In [None]:
from ragdoll.embeddings import get_embedding_model  
from ragdoll.vector_stores import get_vector_store
import os

# Get embedding model
embedding_model = get_embedding_model("text-embedding-ada-002")  # Updated model name format
print(f"Embedding model created: {embedding_model}")

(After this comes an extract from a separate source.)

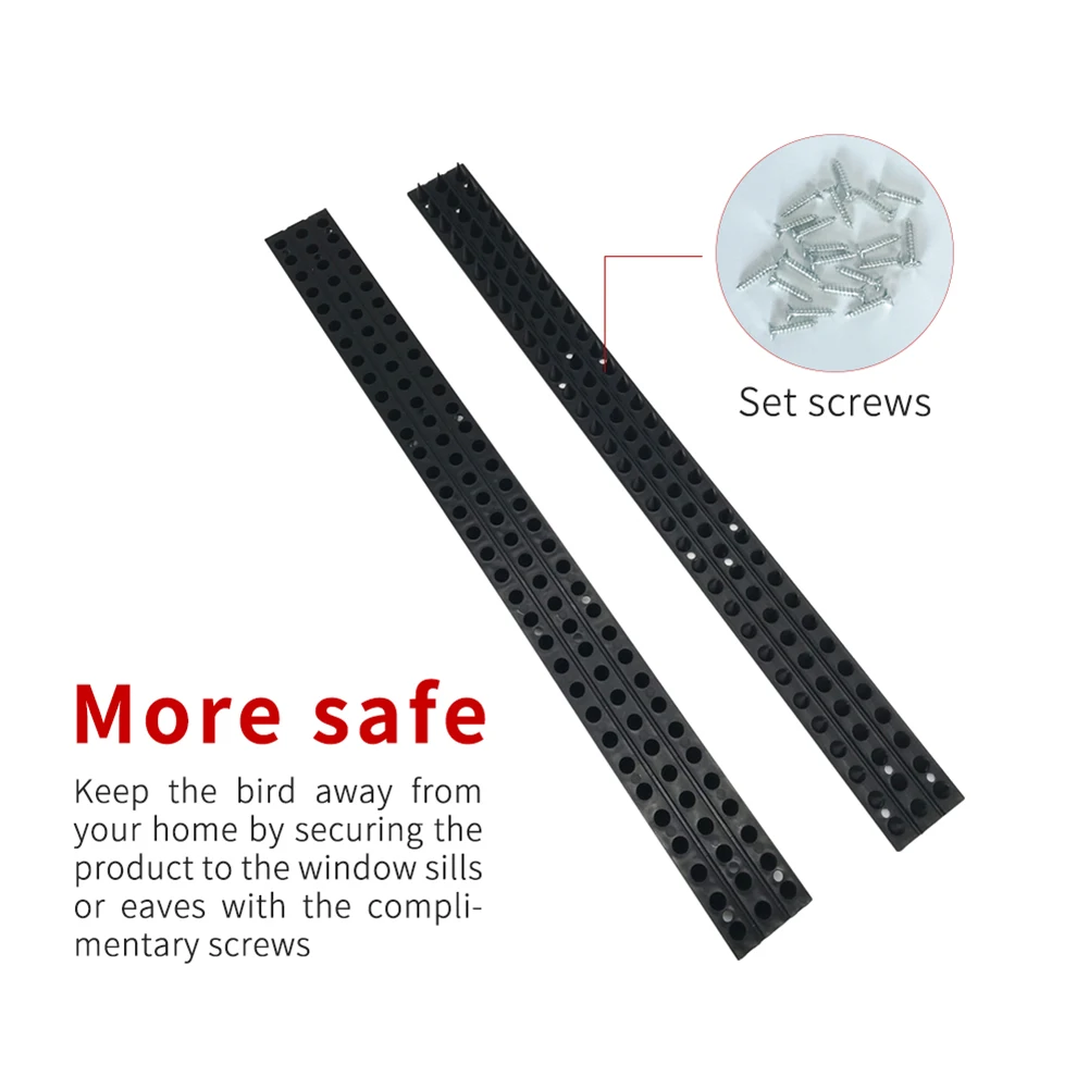 Zainstaluj w dowolnym miejscu-proste paski plastikowe do zainstalowania na dowolnej płaskiej powierzchni (ogrodzenia, bramy, szopy, balustrady, półki, ściany graniczne). Kolce anty-wspinaczkowe zatrzymują intruzów i kotów, szopów, ptaków i innych.

# Create a FAISS vector store with documents
# For example purposes, let's create some simple test documents
from langchain_core.documents import Document
documents = [
    Document(page_content="This is a test document about AI"),
    Document(page_content="Vector databases store embeddings for semantic search"),
    Document(page_content="RAG systems combine retrieval with generation")
]

# Ensure the directory exists
persist_dir = "./data/vector_stores/my_faiss"
os.makedirs(persist_dir, exist_ok=True)

print(f"Creating vector store...")
vector_store = get_vector_store(
    store_type="faiss", 
    embedding_model=embedding_model,
    documents=documents,
    persist_directory=persist_dir
)

print(f"Vector store created: {vector_store}")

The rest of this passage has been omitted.